* What you have to do *
Write out the entries verbatim and leave the images out of the copy.

* Source data *
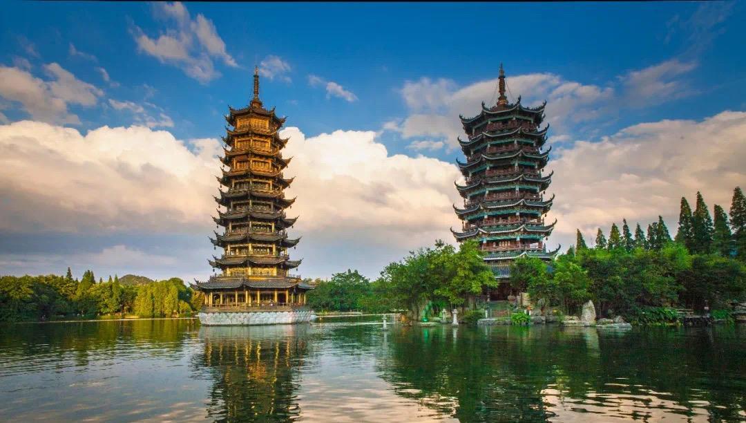 ◆ 桂林文化新地标【日月双塔】外观,国家AAAAA级景区,日塔、月塔与象山上的普贤塔、塔山上的寿佛塔,相互呼应,相互映衬,有“四塔同美”之说,桂林日月双塔号称世界第一铜塔。
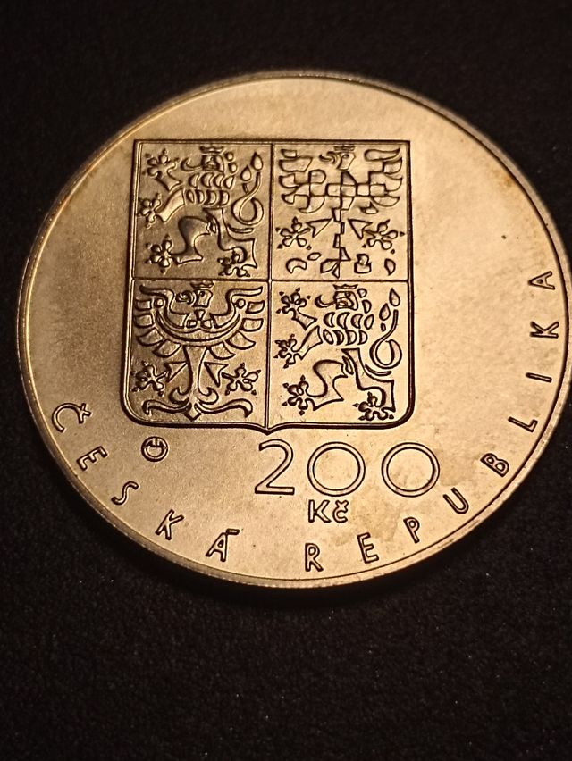 Moneta in fior di conio in argento 900 della repubblica Ceka. Valore facciale 200 corone
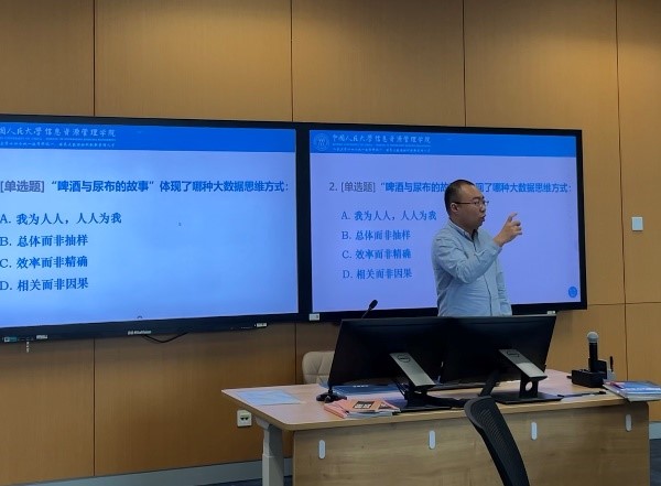 数据管理与信息分析“研学交流”C班由亚洲电竞博彩网站导航 副院长钱明辉教授担任责任教师、亚洲电竞博彩网站导航 经济信息分析方向的徐璐讲师担任专业教师,2018级信息资源管理专业本科生胡开朗同学担任课程助教。在课堂上,钱明辉教授作为主持人组织开展了“信息分析一站到底”知识竞赛环节。他首先为同学们介绍了一站到底的规则,挑战者和守擂者的角色任务。随着答题竞赛的开展,挑战者一轮接一轮被守擂者取代,现场气氛活跃。在竞赛的过程中,对于每一个竞赛问题,钱明辉教授都由点到面地为同学们讲解了题目所涉及的理论和知识点。在答疑环节,专业教师徐璐讲师结合同学们之前提出的有关数据管理与信息分析的学科问题给出专业解答,并就同学们关于信息分析学习过程中所感兴趣的问题,例如学习方法、学科应用等给出她的理解。同学们表示通过“信息分析一站到底”知识竞赛和专业老师的讲解,自己对信息分析的了解和兴趣得到进一步加深,获益匪浅。最终,胡崇新同学脱颖而出,成为一站到底的胜利者,获得亚洲电竞博彩网站导航 制作的精美礼品。
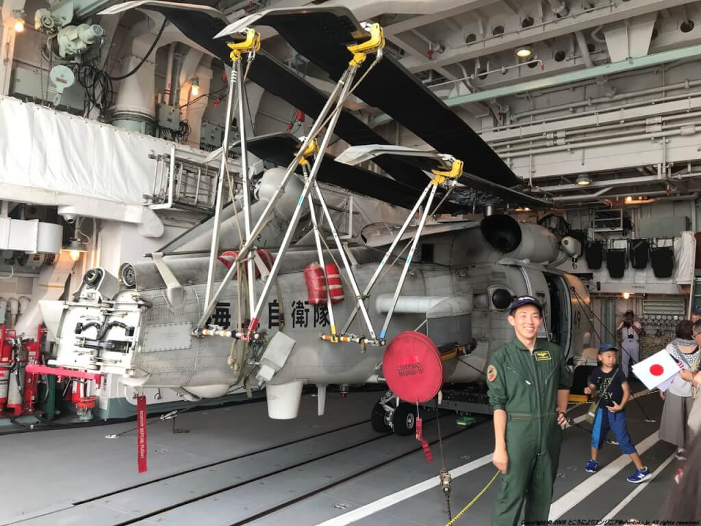 「むらさめ」を見学した後はお昼休憩をはさんで、午後から反対側の桟橋に見えていた「いずも」の見学です。こちらは「むらさめ」と違って、まず乗船からしてどこかのスタジアムの会場に入るようなスケールの大きい開口で、皆同時にどんどん入っていけます。入ったところは船内の格納庫のようで、ちょっとした学校のグランド並みの広さがあります。そこで、隊員の方によるロープの結び方や、制服、ヘリコプターの実機乗船などさまざまなイベントが同時開催されていました。
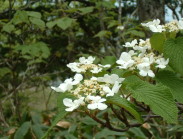 オオカメノキ 下の方は花びら(装飾花)が 全部落ちていた 上の方は。まだまだきれいだった |

* Answer space *
 ◆ 桂林文化新地标【日月双塔】外观,国家AAAAA级景区,日塔、月塔与象山上的普贤塔、塔山上的寿佛塔,相互呼应,相互映衬,有“四塔同美”之说,桂林日月双塔号称世界第一铜塔。
 Moneta in fior di conio in argento 900 della repubblica Ceka. Valore facciale 200 corone
 数据管理与信息分析“研学交流”C班由亚洲电竞博彩网站导航 副院长钱明辉教授担任责任教师、亚洲电竞博彩网站导航 经济信息分析方向的徐璐讲师担任专业教师,2018级信息资源管理专业本科生胡开朗同学担任课程助教。在课堂上,钱明辉教授作为主持人组织开展了“信息分析一站到底”知识竞赛环节。他首先为同学们介绍了一站到底的规则,挑战者和守擂者的角色任务。随着答题竞赛的开展,挑战者一轮接一轮被守擂者取代,现场气氛活跃。在竞赛的过程中,对于每一个竞赛问题,钱明辉教授都由点到面地为同学们讲解了题目所涉及的理论和知识点。在答疑环节,专业教师徐璐讲师结合同学们之前提出的有关数据管理与信息分析的学科问题给出专业解答,并就同学们关于信息分析学习过程中所感兴趣的问题,例如学习方法、学科应用等给出她的理解。同学们表示通过“信息分析一站到底”知识竞赛和专业老师的讲解,自己对信息分析的了解和兴趣得到进一步加深,获益匪浅。最终,胡崇新同学脱颖而出,成为一站到底的胜利者,获得亚洲电竞博彩网站导航 制作的精美礼品。
 「むらさめ」を見学した後はお昼休憩をはさんで、午後から反対側の桟橋に見えていた「いずも」の見学です。こちらは「むらさめ」と違って、まず乗船からしてどこかのスタジアムの会場に入るようなスケールの大きい開口で、皆同時にどんどん入っていけます。入ったところは船内の格納庫のようで、ちょっとした学校のグランド並みの広さがあります。そこで、隊員の方によるロープの結び方や、制服、ヘリコプターの実機乗船などさまざまなイベントが同時開催されていました。
 オオカメノキ 下の方は花びら(装飾花)が 全部落ちていた 上の方は。まだまだきれいだった |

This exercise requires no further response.